Marked Personas: Using Natural Language Prompts to Measure Stereotypes in Language Models

Myra Cheng,Esin Durmus,Dan Jurafsky
2023-05-30
Abstract:To recognize and mitigate harms from large language models (LLMs), we need to understand the prevalence and nuances of stereotypes in LLM outputs. Toward this end, we present Marked Personas, a prompt-based method to measure stereotypes in LLMs for intersectional demographic groups without any lexicon or data labeling. Grounded in the sociolinguistic concept of markedness (which characterizes explicitly linguistically marked categories versus unmarked defaults), our proposed method is twofold: 1) prompting an LLM to generate personas, i.e., natural language descriptions, of the target demographic group alongside personas of unmarked, default groups; 2) identifying the words that significantly distinguish personas of the target group from corresponding unmarked ones. We find that the portrayals generated by GPT-3.5 and GPT-4 contain higher rates of racial stereotypes than human-written portrayals using the same prompts. The words distinguishing personas of marked (non-white, non-male) groups reflect patterns of othering and exoticizing these demographics. An intersectional lens further reveals tropes that dominate portrayals of marginalized groups, such as tropicalism and the hypersexualization of minoritized women. These representational harms have concerning implications for downstream applications like story generation.
Computation and Language,Artificial Intelligence,Computers and Society
What problem does this paper attempt to address?
The paper primarily focuses on the issues of social biases and stereotypes present in large language models (LLMs) and proposes a new method—Marked Personas—to measure these stereotypes in an unsupervised manner when describing different demographic groups.

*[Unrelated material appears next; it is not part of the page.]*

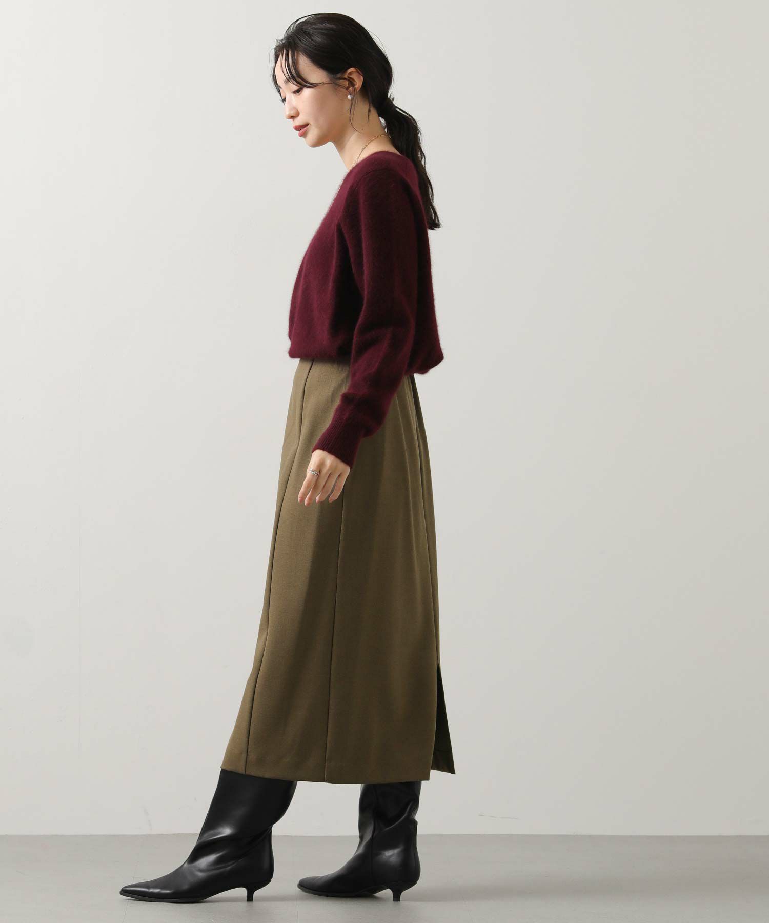 ラップスカートを外せば、シンプルなタイトスカートとしても着用できる2WAY仕様です。

The core contributions of the paper include: 1. **Proposing the Marked Personas framework**: This is a prompt-based method that captures patterns and stereotypes in model outputs by generating natural language descriptions of specific demographic groups. This method does not require pre-constructed datasets or lexicons. 2. **Finding that model-generated personas contain more stereotypes**: The study found that personas generated by GPT-3.5 and GPT-4 contain more racial stereotypes compared to descriptions written by humans under the same prompts. 3. **Analyzing harmful patterns**: The paper provides a detailed analysis of stereotypes, essentializing narratives, clichés, and other harmful patterns in model outputs identified by the Marked Personas method but not captured by existing bias measurement methods. The paper first introduces background knowledge, including the sociological concept of "markedness" and previous methods for measuring bias and stereotypes in language models. It then explains the working principles of the Marked Personas method in detail, including how to generate personas and identify keywords that distinguish marked groups from unmarked groups (Marked Words). Experiments compare the differences between model-generated personas and human-written personas and discuss the limitations of existing stereotype lexicons. Finally, the paper reveals that even when model-generated descriptions have a positive emotional tone, there are still underlying harmful patterns such as othering and essentializing narratives. Additionally, the paper specifically explores unique harmful patterns that appear in intersectional groups.